The reason is that I would like to write a generic API that takes a pointer, initializes common fields (which are common for structures). The other function is specific to my_struct* and sets the rest of the fields.
I'm not sure if void * can solve this.
UPDATE
I should mention, that unfortunately I can't change the structures layout, i.e. adding a common part isn't an option, because the code I'm working with is pretty old and I'm not allowed to change its core structures.
The only ugly workaround I'm seeing is to pass void * and enum struct_type parameters to generic_init function, and based on struct_type cast void * to appropriate structure.

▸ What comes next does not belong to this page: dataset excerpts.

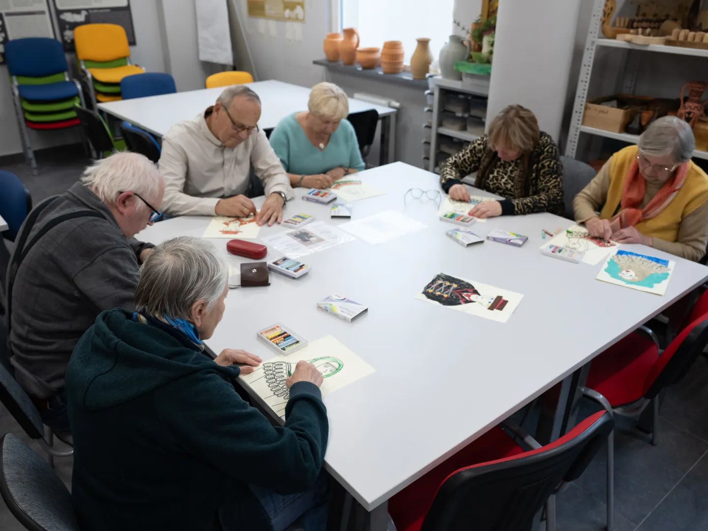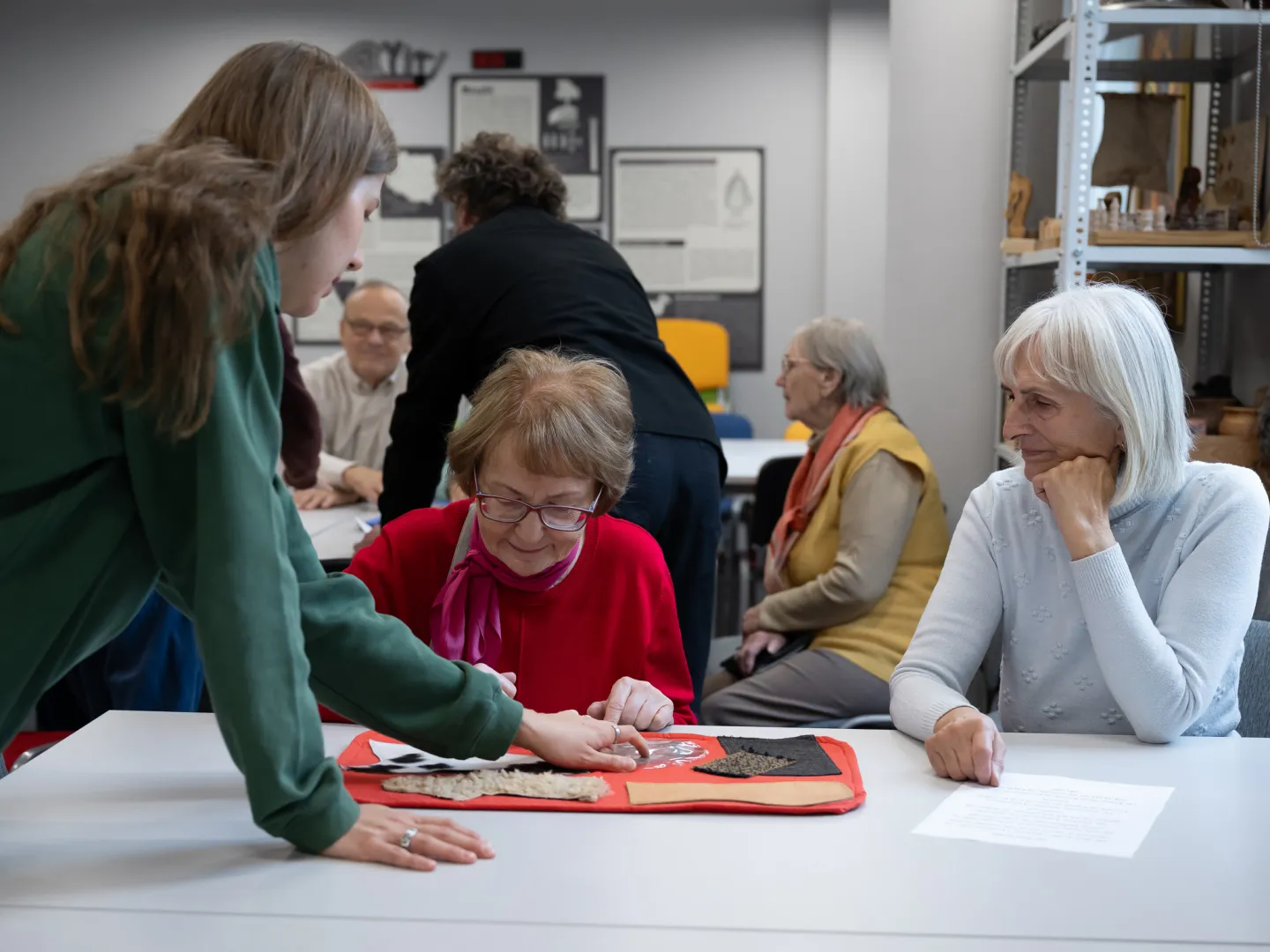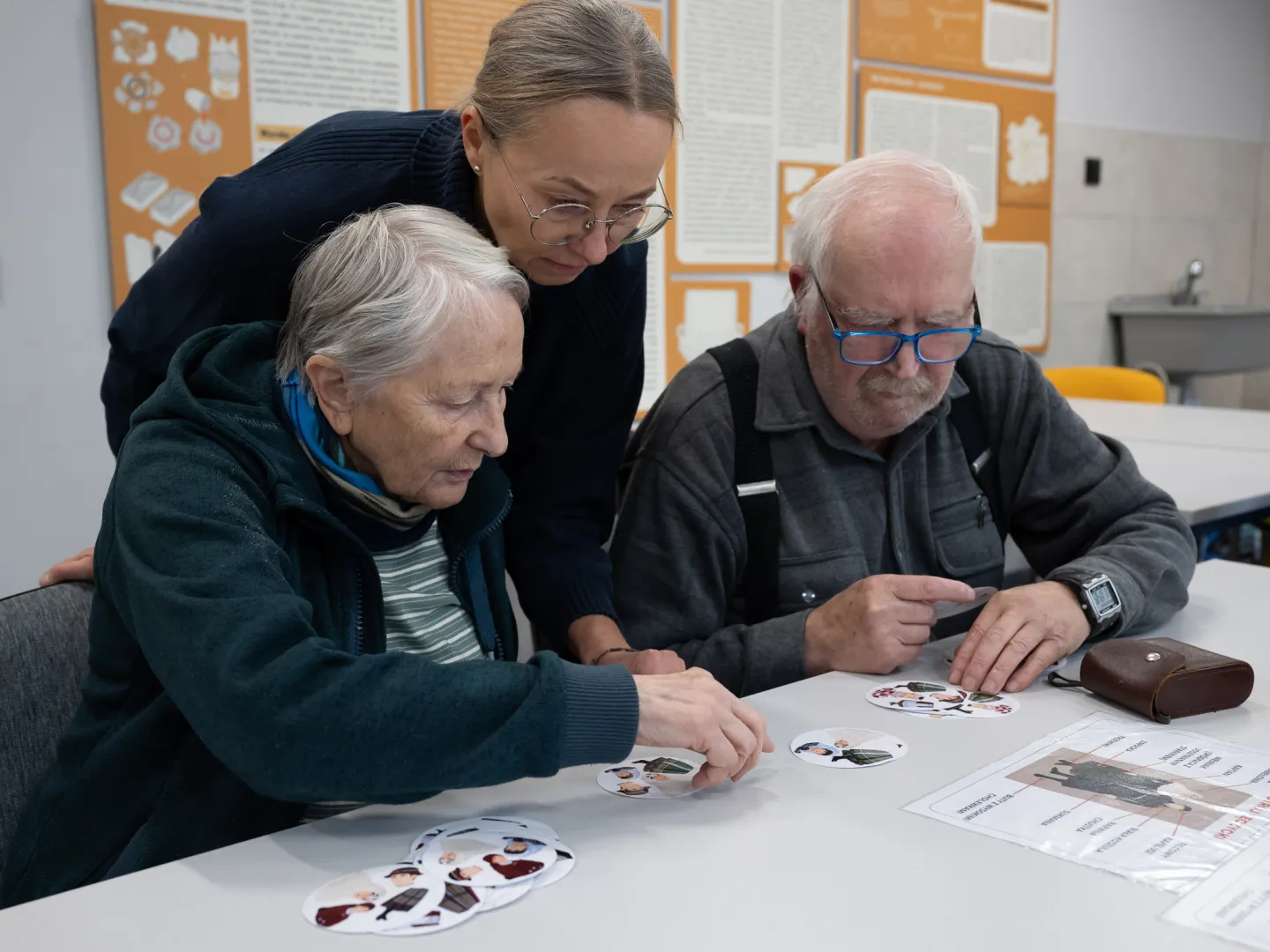 Za nami kolejne zajęcia z projektu "Muzeoterapia wsparciem dla osób z chorobami otępiennymi" dla seniorów ze Stowarzyszenia Kamienica 56 oraz Łódzkiego Towarzystwa Alzheimerowskiego. Tym razem rozmawialiśmy o strojach ludowych. Seniorzy wysłuchali krótkiego wykładu na ten temat. Później zagrali w grę dotyczącą stroju łowickiego, łęczyckiego, opoczyńskiego i sieradzkiego. Dotykali także mat obrazujących roślinne i zwierzęce pochodzenie materiałów, z których wykonywano odzież. Najwięcej pozytywnych emocji wzbudziły łowickie hafty.
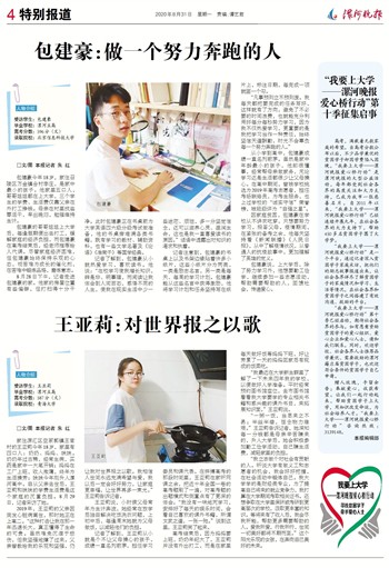 包建豪说,上大学后,除了努力学习外,他想要勤工俭学,继续参加一些志愿活动,帮助需要帮助的人,回馈社会,传递爱心。
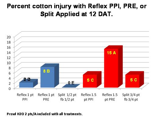 Percent cotton injury with Reflex PPI, PRE, or Split Applied at 12 DAT. <BR>2 D <BR>Prowl H2O 2 pts/A included with all treatments.<BR>5 C<BR>15 A<BR>5 C<BR>
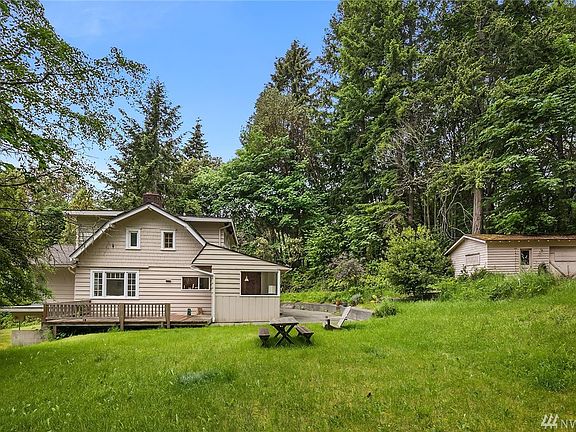 Turn-of-the-century beauty: This is one of the last vintage homes in a neighborhood of upscale properties on Vashon's lovely Quartermaster Drive. The 1907 classic has been sparingly updated over the years and is ready for restoration! Original wood floors and some original windows are still in place; a fireplace with insert warms the living room, and the dining room off the country kitchen is filled with light. A den/office and 3/4 bath are also on the main floor; a central staircase leads to three bedrooms and a full bath. The upper floor master bedroom has sweeping views of the harbor! The lower level features a rec room, half bath and lots of storage. The shy four-acre property is beautiful, with a fragrant lavender field in front, quiet woodlands in back and a garage just a stone's throw from the back door. The home faces south for all-day sun, with decks and patios for outdoor fun. Close enough to the harbor to hear the waves lapping!
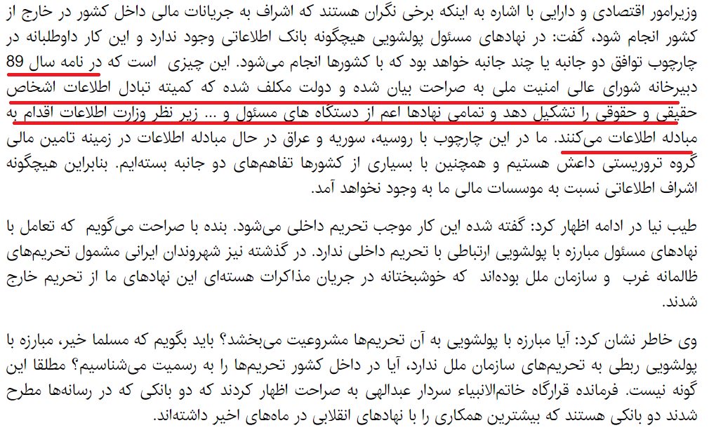 ۳- با توجه به تشدید مشکلات بانکی ناشی از تحریم و گزارشهای FATF، در سال ۱۳۸۸، دبیرخانه شورای امنیت ملی وقت و شخص آقای جلیلی، دیپلمات انقلابی، دولت را “مکلف” نمود که با FATF “تعامل برقرار کرده و الزامات آنها را رعایت نماید”. همچنین دولت مکلف به تبادل اطلاعاتی در این زمینه شد!
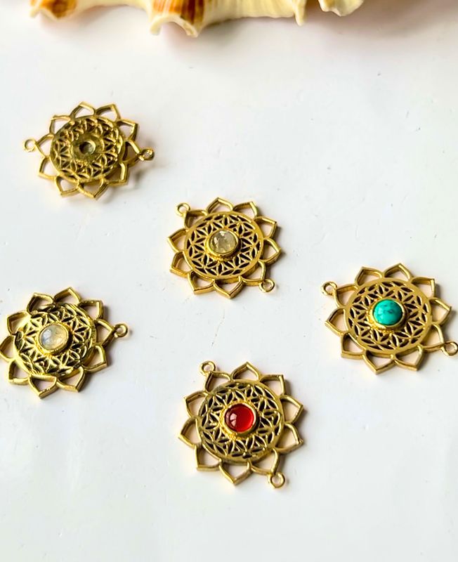 Brass stone connectors with intricate mandala-inspired floral frames and vibrant gemstone centers, perfect for meaningful and decorative jewelry.

As far as I can interpret the standard, casting a pointer of type my_struct1* to a pointer of type mystruct_3* or vice vera may yield undefined behaviour because of pointer conversion rules (cf. C11 standard ISO/IEC 9899:TC2):
6.3.2.3 Pointers ... (7) A pointer to an object or incomplete type may be converted to a pointer to a different object or incomplete type. If
the resulting pointer is not correctly aligned for the pointed-to
type, the behavior is undefined. ...
Hence, as my_struct1 and my_struct3 may have different alignment, a pointer that is correctly aligned according to my_struct1 does not necessarily be correctly aligned according to my_struct3.
But even if you can guarantee that all structs have the same alignment, passing a pointer to an object of type my_struct1 to func3 is - in my opinion -
not safe, even if the common members are the first ones in each struct and even if func3 accesses only the common members.
The reason is that a compiler may introduce padding between members:
6.7.2.1 Structure and union specifiers ... (13) Within a structure object, the non-bit-field members and the units in which bit-fields
reside have addresses that increase in the order in which they are
declared. A pointer to a structure object, suitably converted, points
to its initial member (or if that member is a bit-field, then to the
unit in which it resides), and vice versa. There may be unnamed
padding within a structure object, but not at its beginning.
Hence, as my_struct1 and my_struct3 have different sets of members, the rules of how a compiler introduces padding may vary between these two structs. I think that it is unlikely that this happens, but I did not find any statement in the standard that guarantees that padding - even for the first three members - is the same for my_struct1 and my_struct3.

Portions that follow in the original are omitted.